Read After the War is Over Online

Authors: Maureen Lee

After the War is Over (41 page)

‘How are your daughter and her baby?’ he asked. Iris could tell he was only being polite, that he really wanted to tell her how much he’d missed her and hear her say the same to him.

She told him about Louise and George, about the house on Beacon Hill, and Monica Dixon. ‘She’s a dreadful woman,’ she said. ‘Of course, now Tom and I are really worried about our daughter.’

She’d forgotten he didn’t like her mentioning Tom. A few times he’d tried to talk her into getting a divorce so that they could get married, but she’d refused to discuss it. She had no intention of breaking up her family.

‘I missed you terribly,’ he said huskily. He put his finger beneath her chin and raised her face so they could kiss.

‘And I missed you,’ she assured him. She was longing for them to make love. Some nights they didn’t bother having a drink, going straight to the hotel instead because they couldn’t wait to be in bed together. This seemed to be one of those nights.
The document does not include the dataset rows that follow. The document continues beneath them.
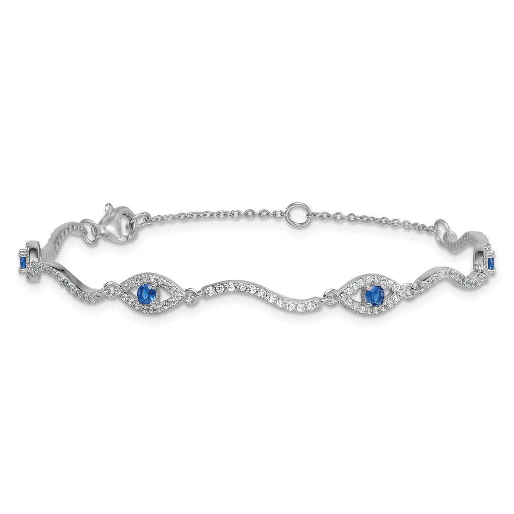 Sterling Silver Rhodium-plated Polished Lab Created Spinel and CZ Evil Eye 6 Inch with 2 Inch Extension Bracelet
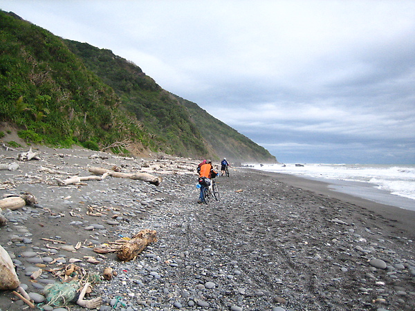 我們沿著海邊的南田石牽著車起起伏伏的走
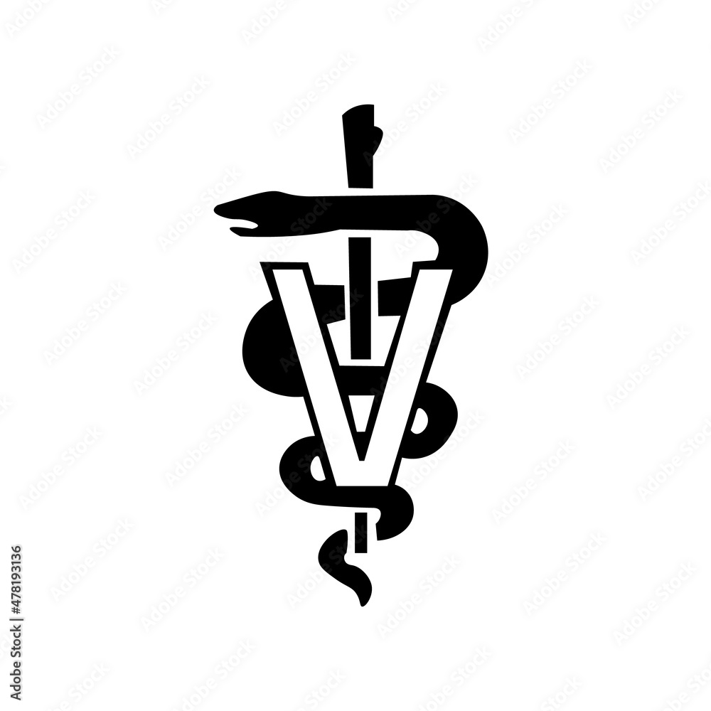 Fototapeta Veterinary caduceus symbol with snake and stick
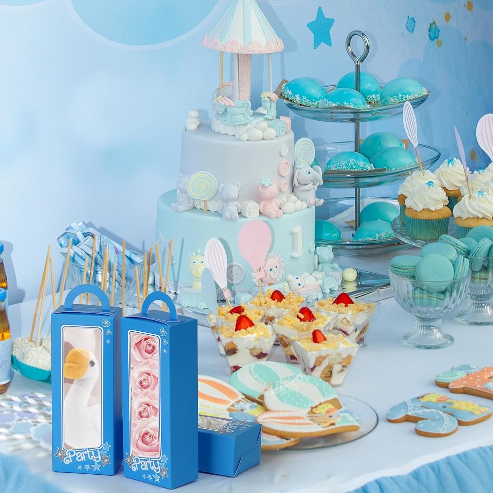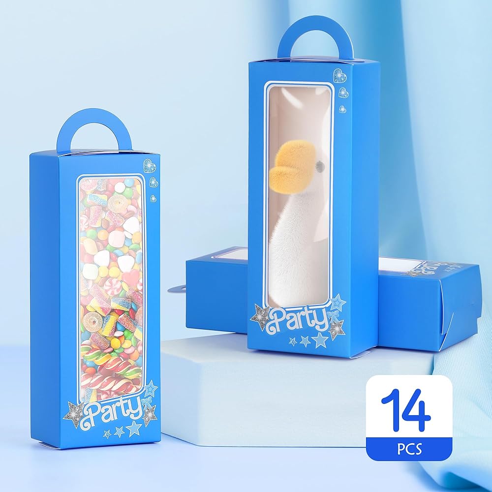 14 حزمة زرقاء الحفلات لصالح الصناديق-أكياس حلوى معالجة مع نافذة شفافة لحفلات أعياد الميلاد ، والاستحمام الأطفال ، والأحداث التي تحمل موضوع الأمير ، وأكثر من ذلك-سهلة تجميع صناديق هدايا قوية
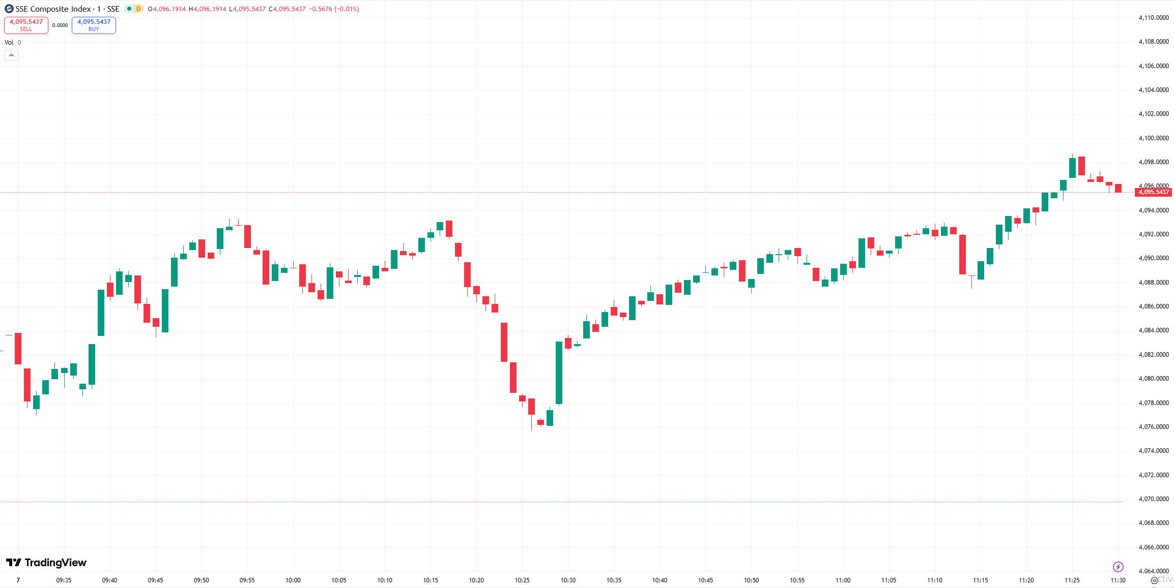 Mainland China equities opened higher across the board. By midday, the Shanghai Composite Index rose 0.29%, the Shenzhen Component gained 0.35%, the ChiNext advanced 0.41%, and the Beijing Stock Exchange 50 Index jumped 0.91%. Total turnover across Shanghai, Shenzhen, and Beijing reached RMB 1.85 trillion, up from the previous session, with more than 2,500 stocks advancing.

‘I thought about you all the time,’ he whispered. ‘It was strange, but I kept thinking of when we were in the army and we made love in the back of your car. It was the best I’d ever known, far better than with my wife.’ He frowned slightly and said almost petulantly, ‘You had quite a reputation. I suppose I was just one in a long line of lovers.’

‘You are the only one I remember,’ she said. It wasn’t strictly true, but he’d been the best. She decided to tell him the truth, why she’d allowed so many men to make love to her. ‘Before I joined up, I lost a baby. Tom and I tried, but I never had another. That’s why I slept around, as it’s called. I was trying to get pregnant.’

He thought about this for a while, before saying, ‘But you eventually did?’

‘William, our eldest, is adopted. By then, the war was over and Tom and I managed to have three daughters of our own.’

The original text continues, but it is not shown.